In your copy, leave out all pictures and reproduce every entry exactly.

======== Records provided ========

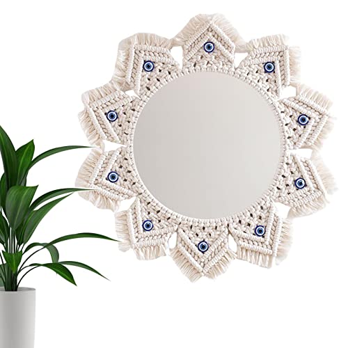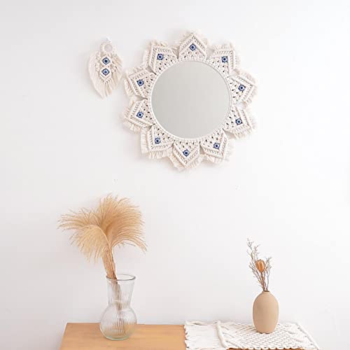 - ⇕Appealing Boho Decorations: Bohemian Mirror is 45 cm in diameter overall, with a 24 cm inner diameter. Hooks are included for quick and simple installation, making it perfect for home wall decor.
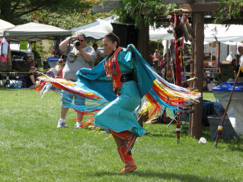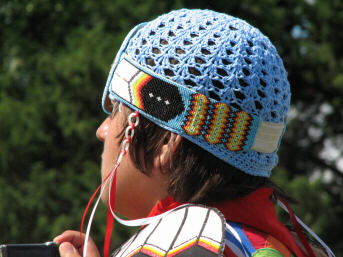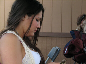 Spectators are not the only ones taking pictures at a pow wow (below right) In fact, the now common feature of cell phones including a built-in camera has added a whole new dynamic to photography everywhere, and pow wows are no exception. I thought I was positioned in quite the exceptional spot for photo taking until I saw the vast numbers of dancing relatives and friends using the arena entrance as a place from which to use their camera phones to take pictures of their children and other fellow dancers. I spent a large portion of the day shooting around, between, and over people standing there. Also, I had to smile that things are pretty much the same wherever you go, with the young lady (below left) spending a good deal of her time . . . (I am guessing) texting? |
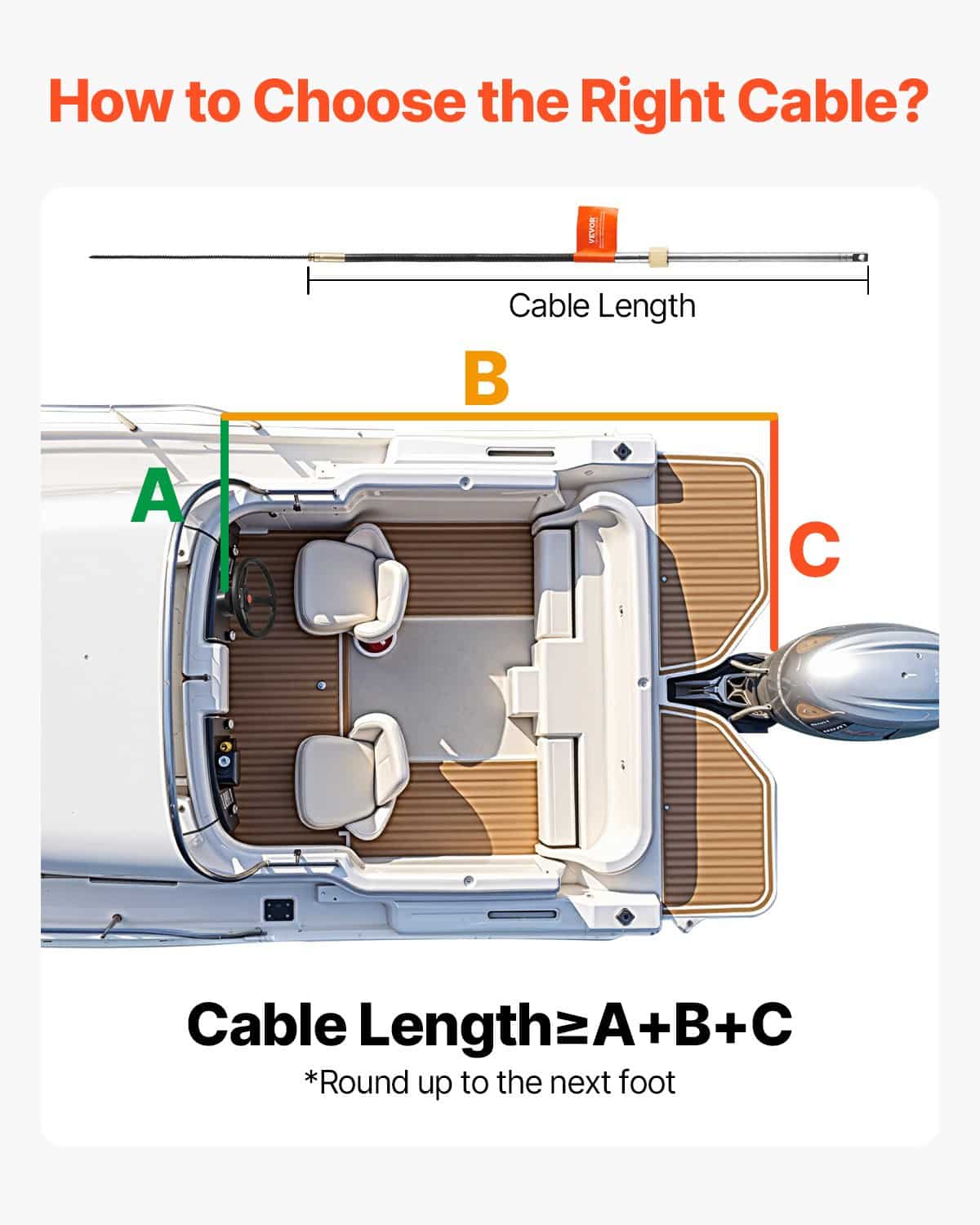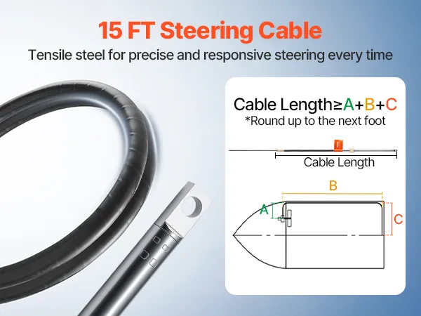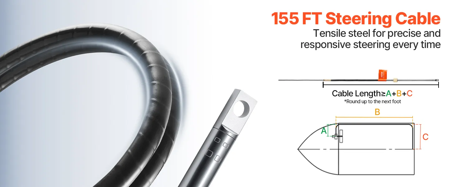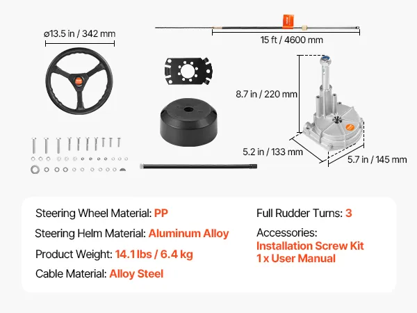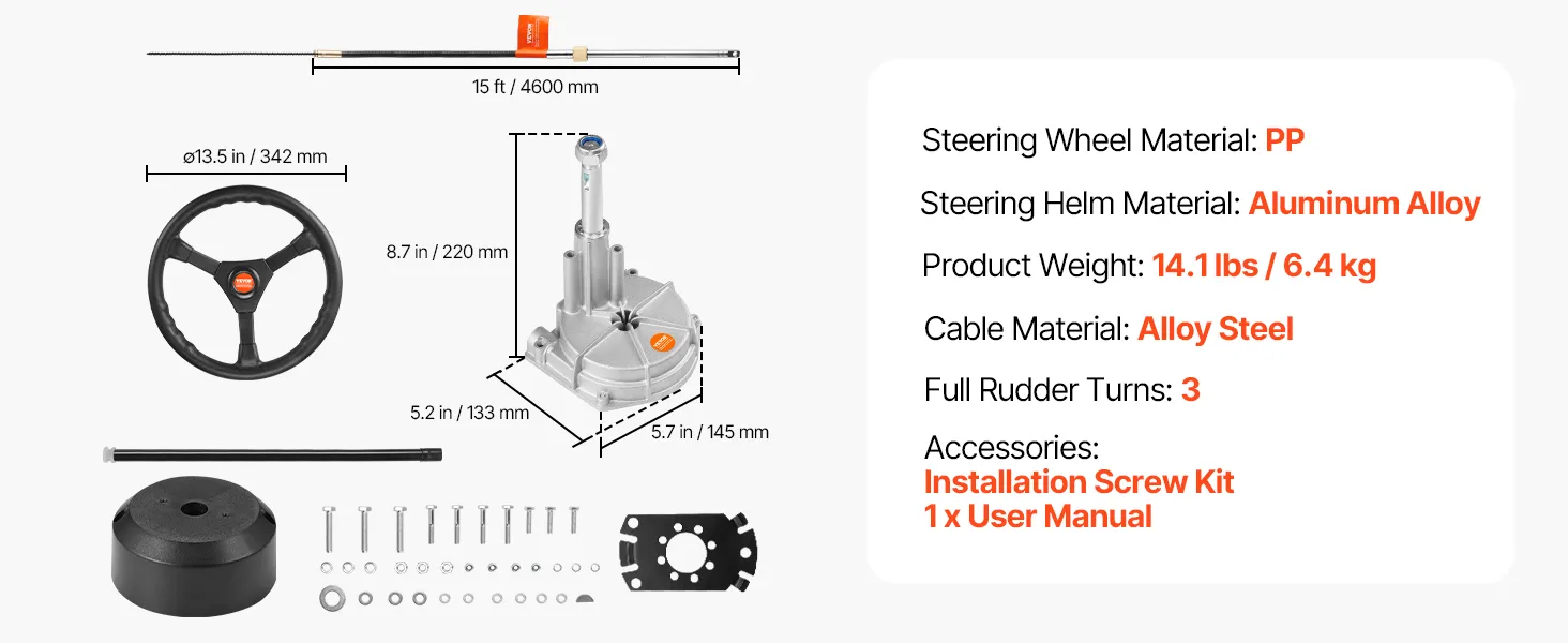 VEVOR Outboard Steering System 15\' Outboard Steering System 15 Feet Boat Steering Cable with 13\" Wheel Durable Marine Steering System
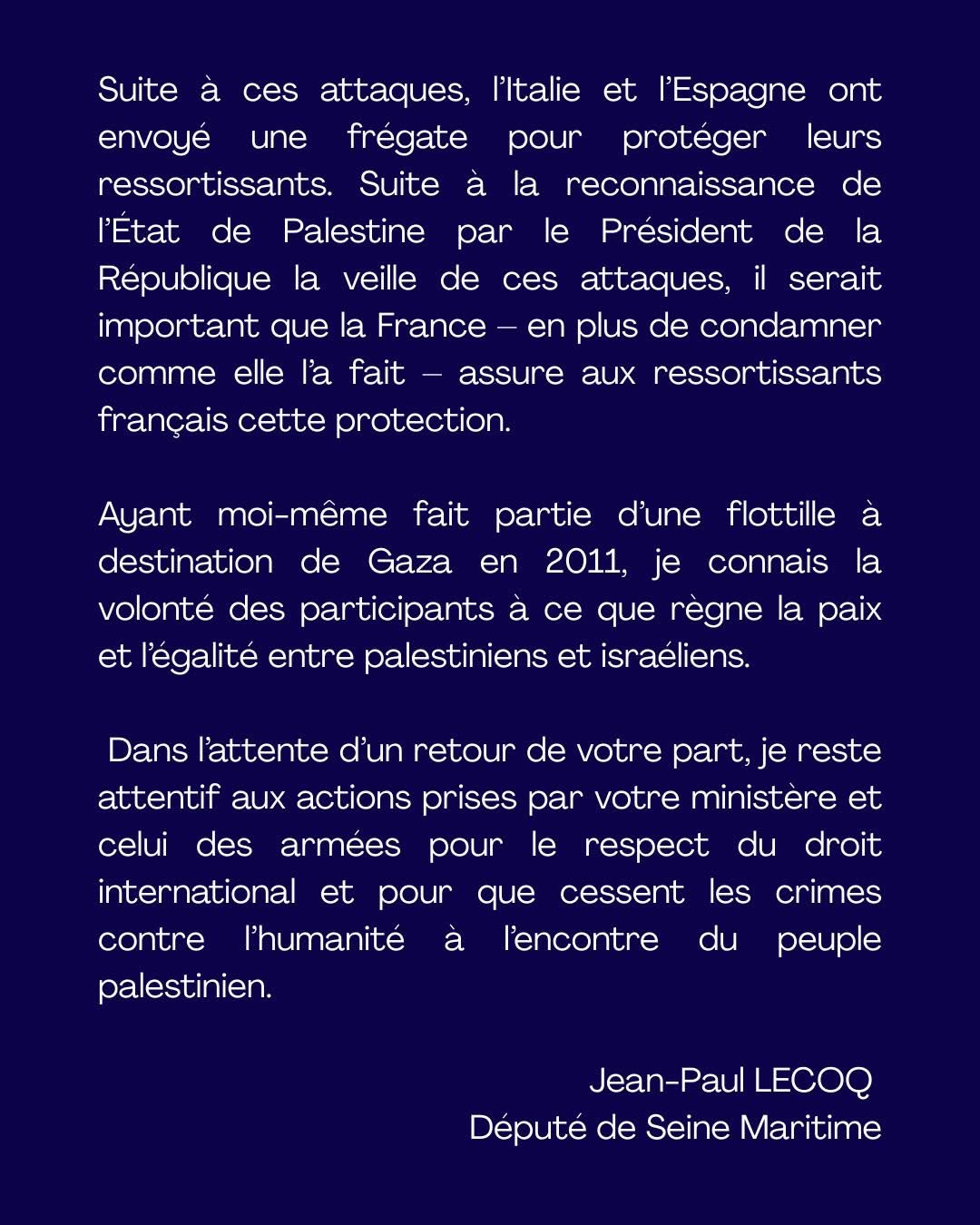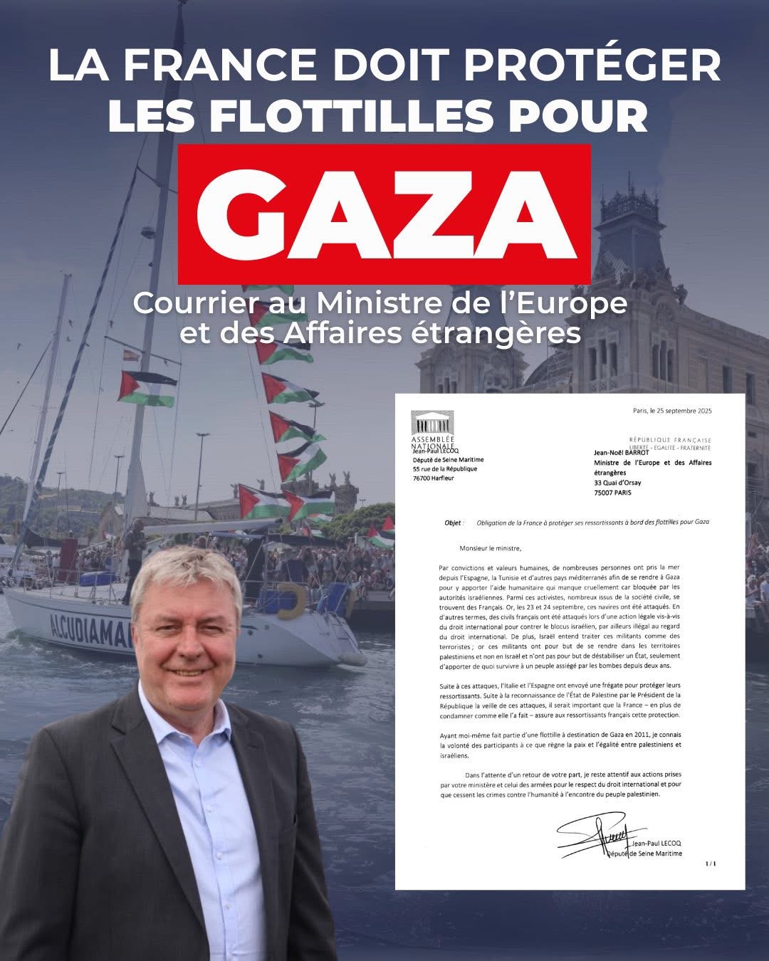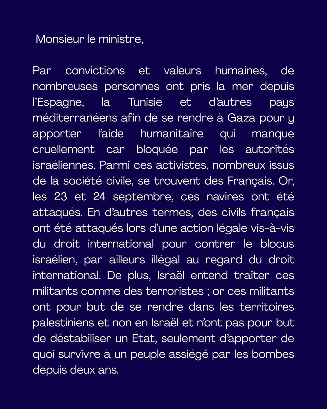 25 septembre - J’ai interpellé le ministre de l’Europe et des Affaires étrangères car il est important, et c’est une suite logique à la reconnaissance de l’État de Palestine, de protéger les flottilles parties pour apporter de l’aide humanitaire à Gaza.
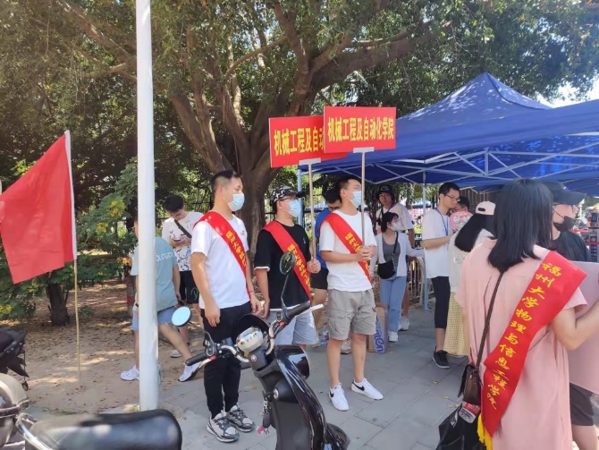 迎新点,等待前来报到的新生。引导志愿者们积极为报到的同学们答疑解惑,帮助办理入学的各项手续,让新同学们感受到了机械大象传媒
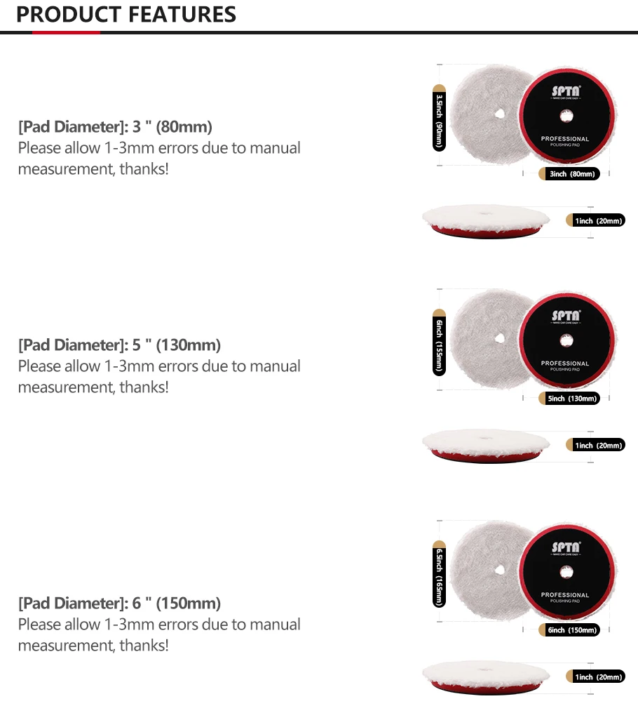 Отзывы о (Single Sale) SPTA 3"/5"/6" Fast Finishing Microfiber Polishing Pad Pads Buffing Disc Kits For DA/RO Car Polisher | Автомобили

========

Written response »
 - ⇕Appealing Boho Decorations: Bohemian Mirror is 45 cm in diameter overall, with a 24 cm inner diameter. Hooks are included for quick and simple installation, making it perfect for home wall decor.
 Spectators are not the only ones taking pictures at a pow wow (below right) In fact, the now common feature of cell phones including a built-in camera has added a whole new dynamic to photography everywhere, and pow wows are no exception. I thought I was positioned in quite the exceptional spot for photo taking until I saw the vast numbers of dancing relatives and friends using the arena entrance as a place from which to use their camera phones to take pictures of their children and other fellow dancers. I spent a large portion of the day shooting around, between, and over people standing there. Also, I had to smile that things are pretty much the same wherever you go, with the young lady (below left) spending a good deal of her time . . . (I am guessing) texting? |
 VEVOR Outboard Steering System 15\' Outboard Steering System 15 Feet Boat Steering Cable with 13\" Wheel Durable Marine Steering System
 25 septembre - J’ai interpellé le ministre de l’Europe et des Affaires étrangères car il est important, et c’est une suite logique à la reconnaissance de l’État de Palestine, de protéger les flottilles parties pour apporter de l’aide humanitaire à Gaza.
 迎新点,等待前来报到的新生。引导志愿者们积极为报到的同学们答疑解惑,帮助办理入学的各项手续,让新同学们感受到了机械大象传媒
 Отзывы о (Single Sale) SPTA 3"/5"/6" Fast Finishing Microfiber Polishing Pad Pads Buffing Disc Kits For DA/RO Car Polisher | Автомобили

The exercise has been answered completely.